Example 1: Processing mammary tissue samples

[0152] All cells used in this disclosure were obtained from tissues that were sourced from human or mouse subjects in accordance with applicable IRBs and ethics requirements.

[0153] Fragments of human mammary epithelial cells were isolated from tissue samples obtained from academic collaborators, as follows. Resected tissue samples were minced in a petri dish using a scalpel to cut in a cross-hatched pattern. The minced tissue samples were placed in a dissociation flask in standard culture medium supplemented with BSA, insulin, collagenase and hyaluronidase. The flask was gently shaken overnight on an orbital shaker placed in a 37 °C tissue incubator. The following morning the floating layer of fat was removed by pipette, and the remaining liquid was transferred to a tube and briefly centrifuged at low rpm (~80g for 30 seconds). The pellet (A pellet) was set aside and the supernatant was further centrifuged for an incrementally longer period of time and at an incrementally higher rpm (~200g for 4 minutes). The pellet (B pellet) was set aside and the supernatant was further centrifuged for a still incrementally longer period of time and at an incrementally higher rpm (~450g for 5 minutes). [0154] Cryopreserved pellet A and pellet B were dissociated into a single cell suspension by treatment with 0.25% Trypsin-EDTA for 5 minutes at 37°C (with intermittent trituration) and then centrifuged at (300g for 5 minutes). The supernatant was discarded and the pellet was resuspended in a 100 pg/ml DNase solution for 1 minute at room temperature. The resulting cells were passed through a 37 pm strainer to obtain the single cell suspension.

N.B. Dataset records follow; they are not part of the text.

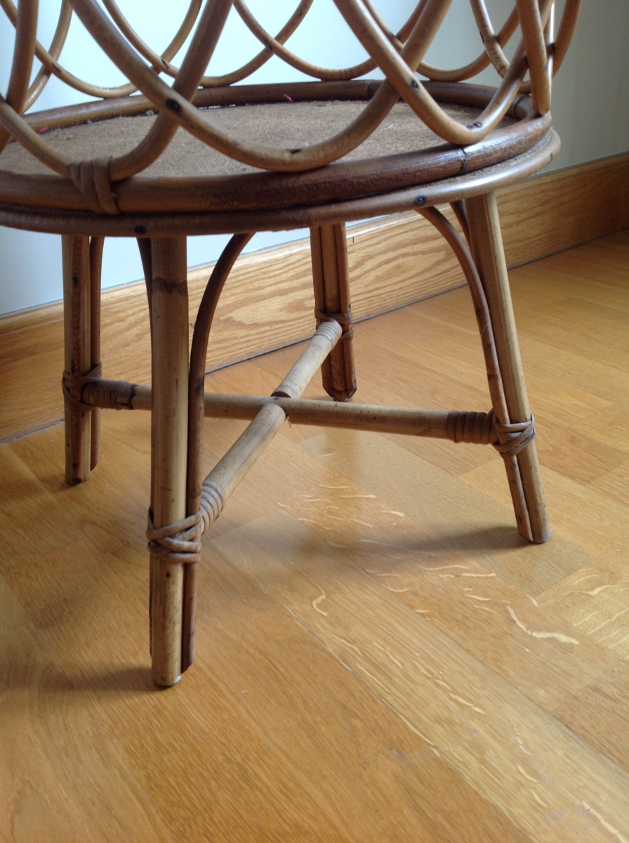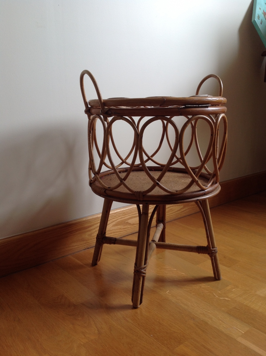 Une magnifique travailleuse en rotin Qui ravira votre intérieur . parfait pour tout les bazars de la vie quotidienne tels que les doudounes et autres jouets . Dans son jus , les petites tâches noires représente les clous mais bon état d'ensemble. J'ai enlevé le tissu c'est une volonté de ma part pour un effet plus moderne. Hauteur totale 52 cm, diamètre 39 cm, hauteur du panier 25 cm
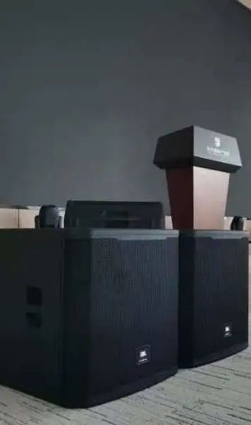 廳內主擴采用8只美國JBL Professional SRX910LA新一代巡演級線陣列揚聲器,搭配新一代智能有源超低PRX918XLFW,舞臺返送采用PRX912雙分頻揚聲器,共同打造極致的聲音體驗。PHONIC ACUMEN 6A高保真監聽音箱提供高質量的音頻監控。
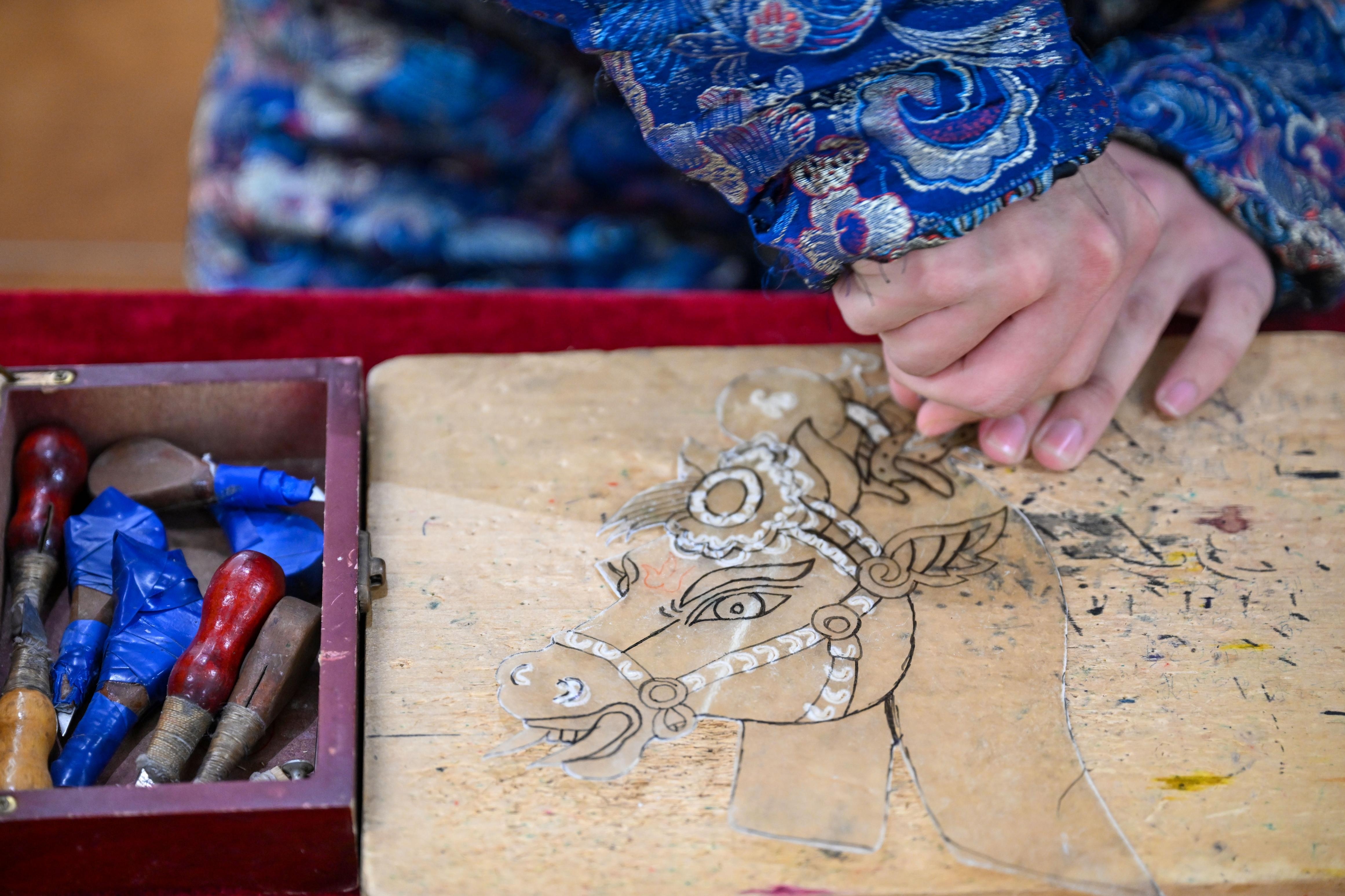 马派皮影戏的影偶皮子厚、色彩艳,做起来十分费功夫。

[0155] A single cell suspension of mouse mammary epithelial cells was isolated from mammary glands, as follows. A resected mammary gland was minced and placed in a tube containing standard culture medium, including 50 pg/ml gentamycin, collagenase, and hyaluronidase. The mammary gland was incubated for 2 hours at 37 °C in the tissue incubator. Following the incubation, the cell dissociation mixture was washed in advanced DMEM and centrifuged at 300g for 5 minutes. Depending on the appearance of the pellet, in some cases it is desirable to resuspend the pellet in ammonium chloride to lyse contaminating red blood cells. Following, the pellet is resuspended in 0.25% Trypsin-EDTA, as above, for 5 minutes at 37°C and then centrifuged at (300g for 5 minutes). The supernatant was discarded and the pellet was resuspended in a 100ug/ml DNase solution for 1 minute at room temperature. The resulting cells were passed through a 37 pm strainer to obtain the single cell suspension.

Example 2: Seeding and culturing single cell suspensions of mammary epithelial cells

[0156] Single cell suspensions obtained as described in Example 1 were reconstituted in 100% Matrigel™ (Corning) and seeded as domes in a well of a microplate, such that between about 1-2 x 10 ⁴ human cells or about 5 x 10 ³ mouse cells were seeded in each ~25 - 40 pL dome. Each well received between 0.5 - 1 mL of any one of the various culture media described herein.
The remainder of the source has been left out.